2. The brief facts of the case are that the Applicant No. 1 vide his complaint had alleged that the Respondent had not passed on the benefit of reduction in tax rate from 12% to Nil in the light of Notification No. 19/2018-CTR dated 26.07.2018 w.e.f. 27.07.2018 on the purchase of Stayfree Sanitary Napkins. The said complaint was examined by the Standing Committee on Anti-Profiteering in its meeting held on 27.03.2019 and forwarded to the DGAP for detailed investigation in the matter. On receipt of said reference from the Standing Committee on Anti-Profiteering, the DGAP had investigated the aforesaid matter and submitted his Report dated 24.09.2019 concluding that the Respondent had increased the base price of product “Stayfree Sanitary Napkin” when the tax rate was reduced from 12% to 0% (Nil) w.e.f. 27.07.2018 by the Central Government therefore he was additionally benefitted to amount of Rs. 19,61,033/- during the period from 27.07.2018 to 31.03.2019 and this amount was to be passed on by the Respondent to the buyers of this product under the provisions of section 171 of the CGST Act 2017. This Authority after careful consideration of the aforesaid DGAP’s Report dated 24.09.2019, submissions of the Respondent and other documents placed on record, had sent the matter back vide Interim Order (1.0.) No. 15/2020 dated 20.04.2020 under Rule 133(4) of the CGST Rules 2017 on the grounds mentioned in paragraph 1 above.

3. Accordingly, the DGAP had investigated the above issues and furnished his Report dated 31.12.2020 wherein the DGAP has submitted;

i. That after receipt of the aforesaid Order from this Authority, a letter dated 04.06.2020 and reminder dated 22.06.2020 were issued to the Respondent calling for following documents:

    • Any agreement related to discount.
    • Certified copies of the relevant tax invoice (containing discount, if any).
    • The detailed calculation sheet of common credit of Rs. 13,07,118/-.
    • Whether the proportionate Input Tax Credit to the discount has been reversed and the certified copy of the documentary evidence.
    • Outward supply data out of closing stock and fresh stock separately.

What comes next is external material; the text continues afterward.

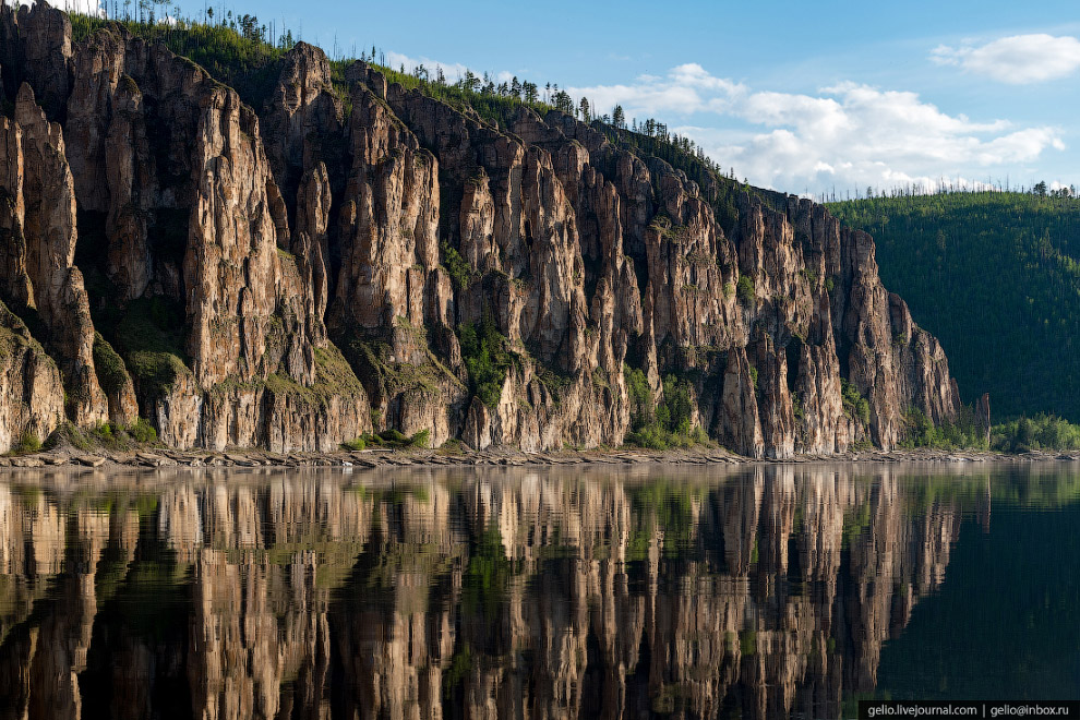Эти вертикальные отвесные скалы высотой до 100 метров находятся недалеко от знаменитых Ленских столбов. Тянутся они на 80 км вдоль берега реки Синей, одного из притоков Лены. Они не столь знамениты, как Ленские, но ничуть не уступают им по красоте. Возраст известняковых столбов, по примерным оценкам, около 400 тысяч лет. За это время дожди, ветер и стекающая с вершин вода сотворили замысловатые формы скал, напоминающие башни, арки, каменные мосты и дворцы.
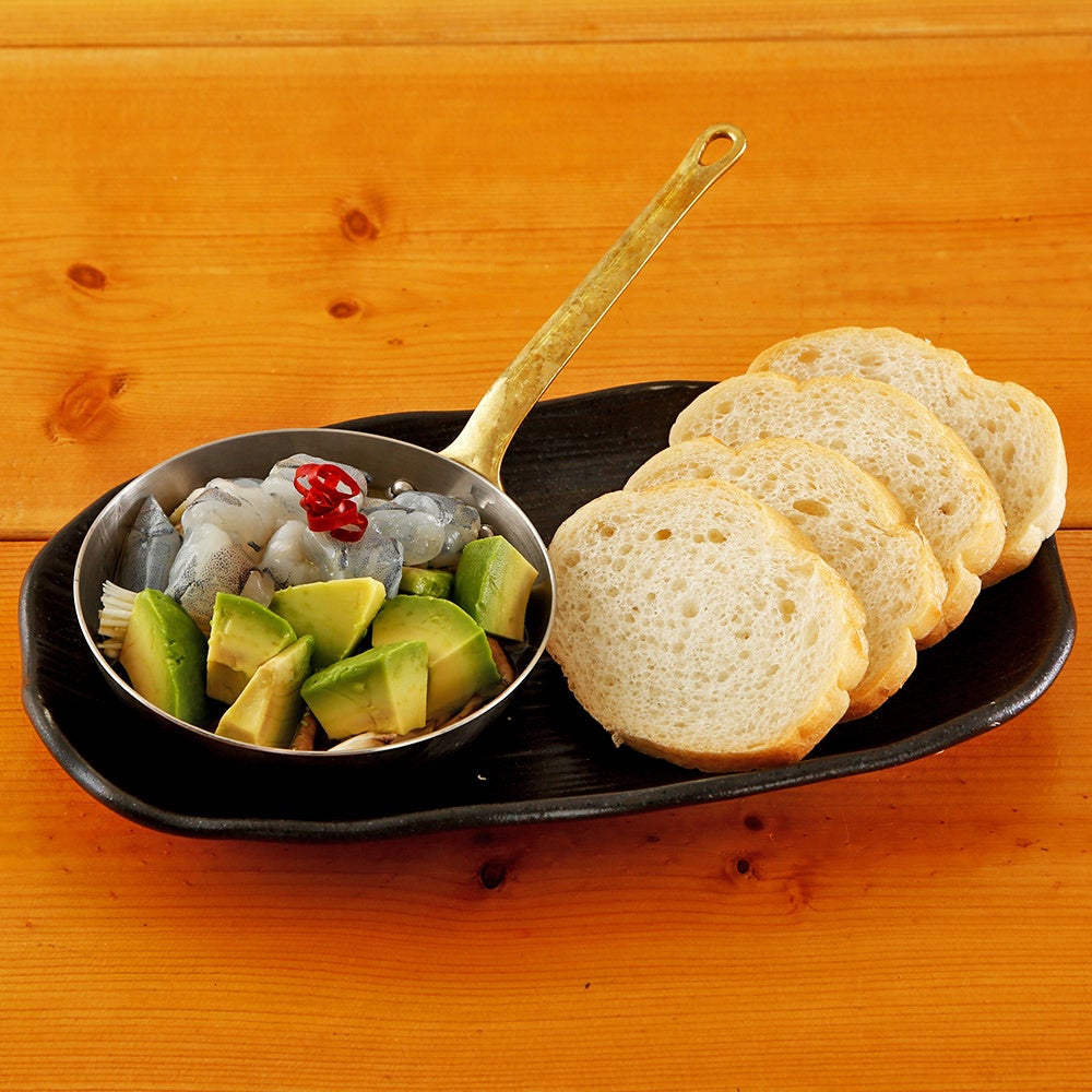 お好み焼きや鉄板焼きメニューも種類豊富。卓上の鉄板にてスキレットで仕上げる裏名物のアヒージョも必食。

ii. That in response, the Respondent had submitted replies dated 19.06.2020, 24.06.2020, 18.08.2020, 27.08.2020, 31.08.2020, 25.09.2020, 23.10.2020, 06.11.2020 and 25.11.2020, wherein the Respondent, inter alia in respect of issues of NAA’s Interim Order No. 15/2020 dated 20.04.2020 has stated that;

a. In respect of issue mentioned at para 1 (i) supra, the manner of determination of input tax credit in respect of inputs/input services was done in terms of Rule 42(1) of the CGST Rules, 2017. The ITC in respect of inputs or input services and reversal thereof wherein the ITC in respect of inputs or input services, which attracted the provisions of sub-section (1) or sub-section (2) of Section 17 of the Act, being partly used for effecting taxable supplies including zero rated supplies and partly for effecting exempt supplies, shall be attributed to the purposes of business or for effecting taxable supplies in a manner as specified in the Rule. Thus, the issue of common ITC and verification of common ITC reversal post rate reduction was to be done in terms of Rule 42(1) of the Rules. To substantiate the Respondent’s claim of reversal, the amount of credit reversed by him, had been verified with the GSTR-3B Returns of the corresponding month and ledgers, as submitted by him. It is found that the ITC amount reversed in the Return was more than that of his submissions for common input tax credit reversal with respect to impugned products. Thus, the claim of reversal of credit was correct and it would impact the cost of the impugned product. To arrive at the base price for post-rate reduction, that reversal of common credit amounting to Rs. 13,02,995/- was to be distributed proportionately to the turnover of Rs. 13,15,87,568/- of the sanitary napkins during the investigation period, which is 0.99% of the turnover. Hence, the base price would increase by 0.99% for calculation of profiteering for the fresh stock.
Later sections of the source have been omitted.